= Winterbottom (musical family) =

Family of 19th and 20th century military musicians

The Winterbottom family was a family of military band musicians active in the British forces in the nineteenth and early 20th centuries. The best known was Frank Winterbottom: he was director of music, Royal Marine Bands between 1890 and 1910.

The founder of the dynasty was John Winterbottom (1795 – 1855), who served in the 1st Life Guards, fought at Waterloo, and from 1839 until his death was appointed warden of the Tower of London. He married Winifred Midwinter in 1817 and there were eight children. Five of his sons and two of his grandsons became famous military musicians.

- Thomas Winterbottom (c1815 – 1869).
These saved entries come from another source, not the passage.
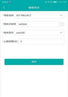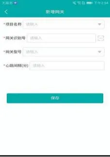 点击新增按钮,进入网关新增页面,项目名称,网关识别号,选择网关型号,心跳间隔为必填,点击保存即可创建网关,编辑操作方法与新增一致,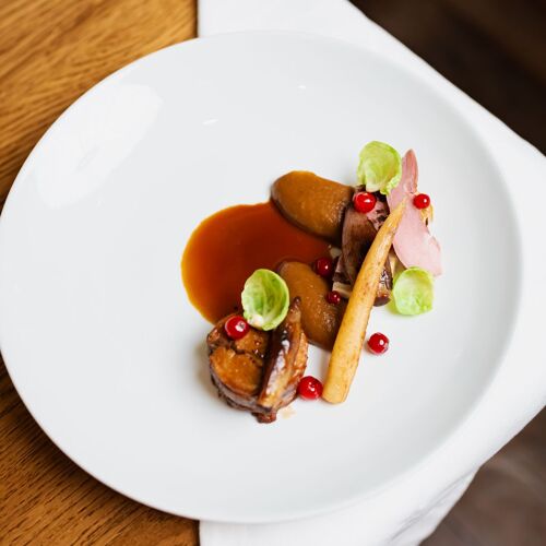 In this restaurant with the flair of an Italian country house and decorative shelves full of cookbooks, small tables make for a friendly, elegant ambience. The modern european cuisine is served à la carte or as a set menu. The front-of-house team provides attentive, competent service, and there is a good selection of wines to choose from.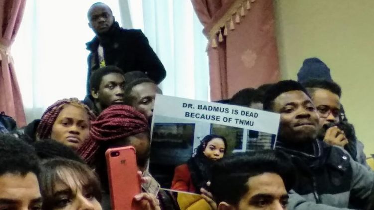Как уточняет СМИ, Бадмус не сдала экзамен по педиатрии с третьей, то есть последней попытки, и была представлена на отчисления из вуза. Из-за этого студенты и собрались в актовом зале медуниверситета им. Горбачевского. Некоторые из них держали в руках плакат с текстом "DR. Badmus is dead because of TDMU" ("Доктор Бадмус мертвая из-за ТГМУ"- Ред.). Их требования были: меньшее количество вопросов не столь сильная жесткость на экзаменах, уменьшение количества членов комиссии, а также возможность сдавать экзамен более трех раз.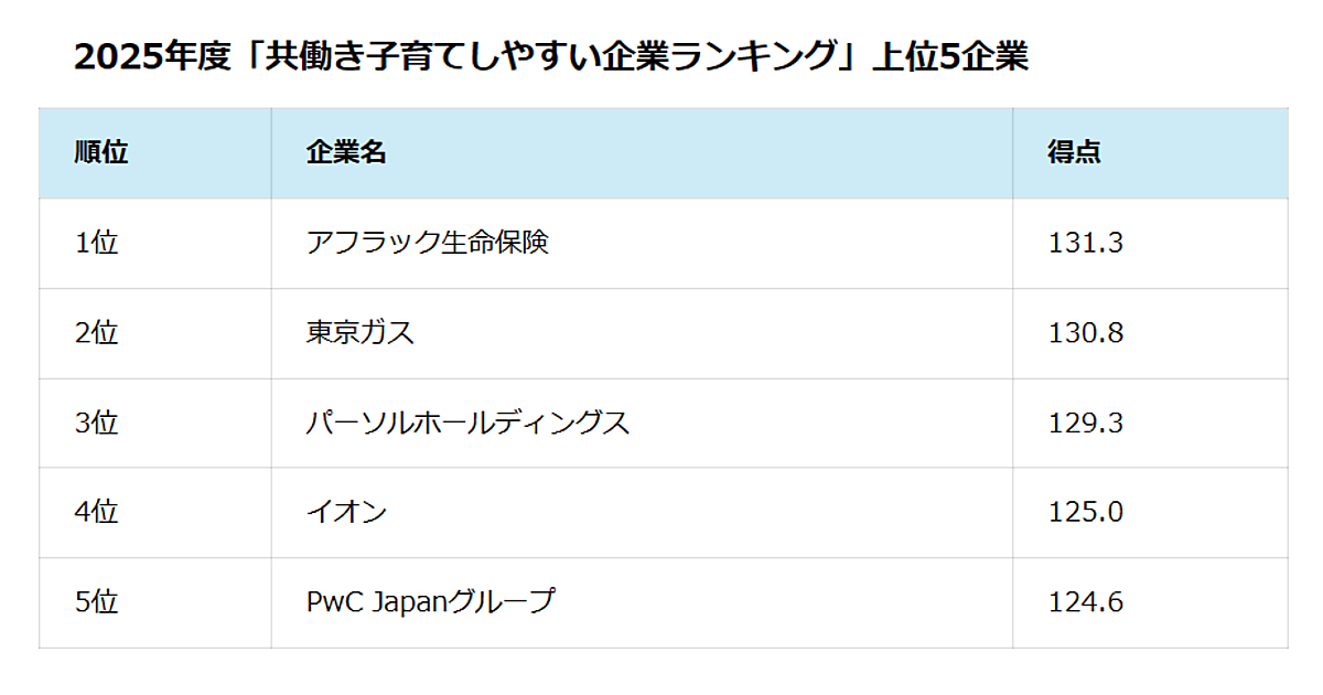 日経BPの働く女性向けウェブメディア「日経クロスウーマン」は、2025年版「共働き子育てしやすい企業ランキング」を発表した。同社が発行する女性誌「日経ウーマン」と、日本経済新聞社グループの「日経ウーマノミクス・プロジェクト」が実施した「企業の女性活躍度調査」の部門賞として、467社から得た回答を基に、独自指標で作成した。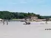 Beautiful beach. The road is a bit windy and hilly, but persevere. Bath house, and a wide stretch of lovely sandy beach.
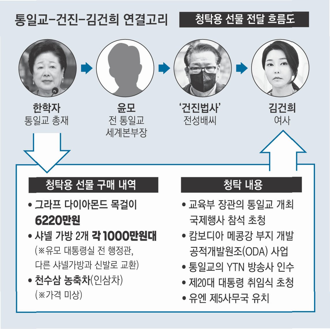 전 씨 측은 2022년 4~7월 통일교 전 세계본부장 윤영호 씨로부터 교단 지원 청탁을 받고 샤넬백과 천수삼농축차, 그라프 목걸이를 제공받아 유경옥 전 대통령실 행정관에게 전달한 사실을 인정했습니다. 그러나 사전 청탁이 없었고, 사후 청탁만 존재했기에 알선수재가 성립하지 않는다고 주장하고 있습니다.
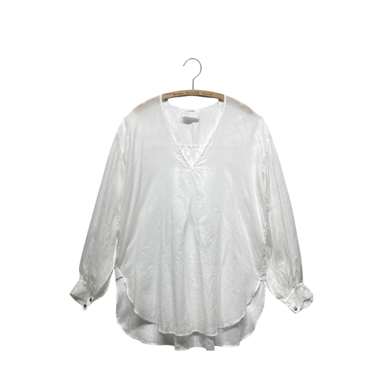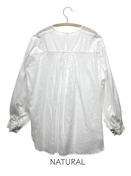 少し長めの着丈ですが薄手なので、タックインした着方もでき、ボトムのシルエット選ばず着用出来ます。

John Winterbottom's eldest son, he served in the 1st Life Guards and the Royal Marines, Plymouth, played in the band of the Royal Horse Guards for nine years, and (at Plymouth) was bandmaster of the Royal Marine Light Infantry Band from 1851 until his death. He was interred in Plymouth Cemetery.
- William Winterbottom (c1820 – 29 September 1889). He was a trombone player who played as bandsman, 1st Life Guards and as principal trombone with the Philharmonic Opera and elsewhere. From 1857 he was bandmaster of the Royal Marines at Woolwich (following his brother Henry), and in 1869 took over from his brother Thomas at Plymouth. He made arrangements of operetta and other popular music for brass instruments, and published piano arrangements of Gilbert & Sullivan.
- John Winterbottom (1825 –1897) was a bassoon player who began his career in the Julien Orchestra. In 1852 he travelled to Australia where he was the conductor of a series of promenade concerts. By 1870 he was back in the UK as bandmaster of Royal Marine Artillery, and from 1892 (on his retirement) was appointed bandmaster of the Artists' Rifle Volunteers.
- Henry Winterbottom (dates unknown) was bandmaster of the 7th Royal Fusiliers, the 18th Royal Irish Regiment and (1854–6) of the Royal Marines at Woolwich.
- Ammon Winterbottom (died 1891) was a double-bass player, a member of the Queen Victoria's private band who also played with the Royal Italian Opera and the Philharmonic Orchestra. He was the father of:
  - Frank Winterbottom (21 March 1861 – January 1930). Born in London and educated at Bruce Castle School, Tottenham, he trained as a cellist, was a professor of music at Dulwich College, and (between 1890 and 1910) was director of music for the Royal Marines Band at Plymouth. In his later years he was an instructor at the Royal Military School of Music. He was also a conductor of classical orchestral music and a composer, of the ballets Jorinda and Phantasma, and of the Seven Ages Suite (1892, after Shakespeare), as well as of string quartets and cello music. But his primary legacy comes from his numerous arrangements for military band, still in widespread use. He died, aged 68, in London.
  - Charles Henry Winterbottom (1866 – 1935) was a double-bass player. He played in the Victoria, Edward VII and George V bands, was a founding member of the London Symphony Orchestra (principal double bass, 1904–33) and a professor at both the Royal Academy of Music and the Royal College of Music. He is credited with the creation of new fingering techniques for the double bass. Winterbottom was a friend of Edward Elgar and owned a rare Maggini bass called 'The Old Lady'.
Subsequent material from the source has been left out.